You have to be able to lose soldiers – individual servers – at any time, but design your infrastructure in a way that the entire application, whatever service you’re providing, will win the war overall.

That’s why cloud sysadmins have started treating infrastructure as code.

Don’t think of VMs as servers you build.
Think of them as applications you deploy.

In companies like this, from the moment the VM powers on, everything you do to get it ready for production needs to be scripted, repeatable, and eventually, automated to the point where it happens without human involvement. And when you’ve got this much scripting in play, that also means controlling the source code just like you would an application’s code.

You rarely see Chaos Monkeys around database servers.

Database administrators have always treated our servers like the most special of pets. We pick just the right breed, we give them special names, we train them very carefully, we teach them tricks, and we build a personal bond with them. When they die, we’re heartbroken, and we feel like we have to start over from scratch.

Most SQL Server shops big and small simply aren’t prepared to do all of this in an automated fashion:

  • Deploy Windows
  • Install & configure failover clustering so the server can join an AG
  • Install SQL Server and configure Always On High Availability
  • Join the right cluster
  • Install all your utility stored procedures, backup jobs, Agent alerts
  • Restore the relevant databases
  • Join the right Always On Availability Group with the right replication type (sync vs async)
  • Modify the read-only routing lists on all the replicas

This stuff is hard to do manually, let alone automatically. Therefore, we think of our servers as precious hand-crafted pets rather than cattle we could just lose at any time without heartbreak.

That’s what a Platform-as-a-Service does for you.

Azure SQL DB and Amazon RDS do all this stuff for you at the swipe of a credit card. They take away the plumbing parts of database administration that suck: building, backing up, patching, corruption repair, etc. For any new app builds today, I recommend thinking about PaaS first. (It’s what we use for our own development.)

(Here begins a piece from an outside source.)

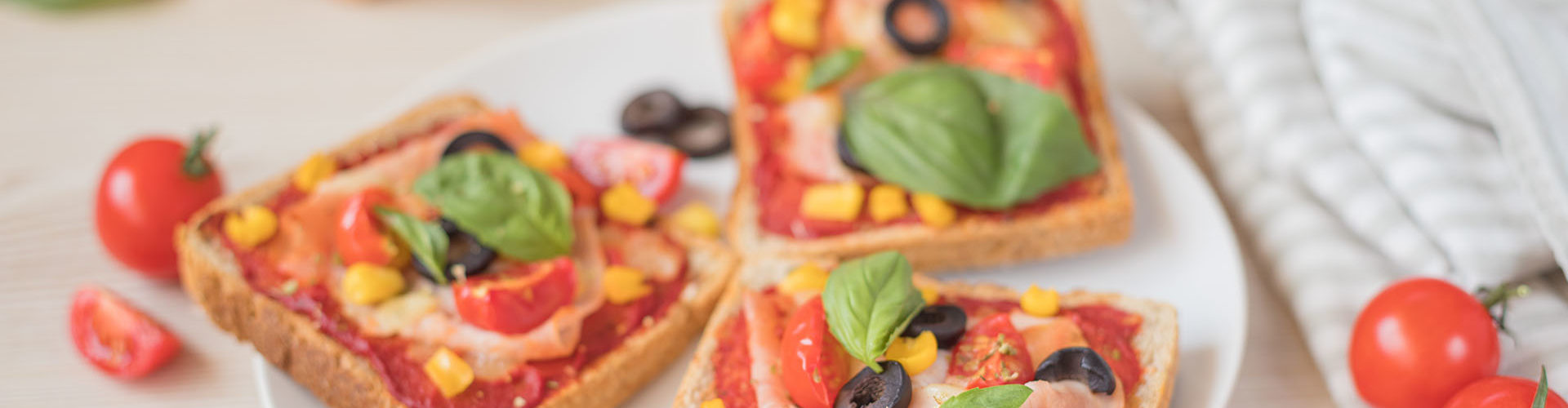 Každý plátek ozdobte šunkou, natrhanou mini mozzarellou, několika zrníčky kukuřice, nakrájeným cherry rajčátkem a černou olivou. Dejte na 5-10 minut zapéct do trouby. Poté nechte chvilku vychladnout a ozdobte čerstvou bazalkou.

But for existing apps, PaaS has a few showstoppers. Let’s take kCura Relativity, an app I’ve blogged about before. Here’s why they can’t just switch to PaaS hosting:

  • Missing features – for example, Relativity relies on linked server queries. Amazon RDS has a kind of sketchy implementation, and Azure SQL DB requires you to pre-define individual table structures. Neither of those work with the way Relativity is built today, and the code changes required to support either platform would be fairly expensive. (That’s not the only one, obviously, but I’m keeping the examples simple for this post. I can already hear the armchair architects going, “just tell the stupid developers to rewrite their stupid app.” That ain’t how the real world works.)
  • Capacity/performance limitations – Azure SQL DB maxes out at 4TB per database, and Amazon RDS maxes out at 30 databases per instance. Both of those present problems for Relativity.
  • Exporting raw data – Relativity users want to be able to sync on-premises versions of the data, sometimes migrating from on-prem to the cloud, and sometimes migrating back out. With PaaS, this involves long outages that aren’t acceptable to attorneys in the middle of frantic case review.

So in this case – as I’ve seen with a few other clients – PaaS isn’t quite ready today to handle the challenges of a global ISV with a mature, profitable application. They simply can’t hit the pause button on building new features, and take time out to do an expensive back end rewrite. (Although in the case of kCura, they’re moving some parts of the data out of SQL Server where it makes sense, thereby making the app easier to handle in PaaS-like environments.)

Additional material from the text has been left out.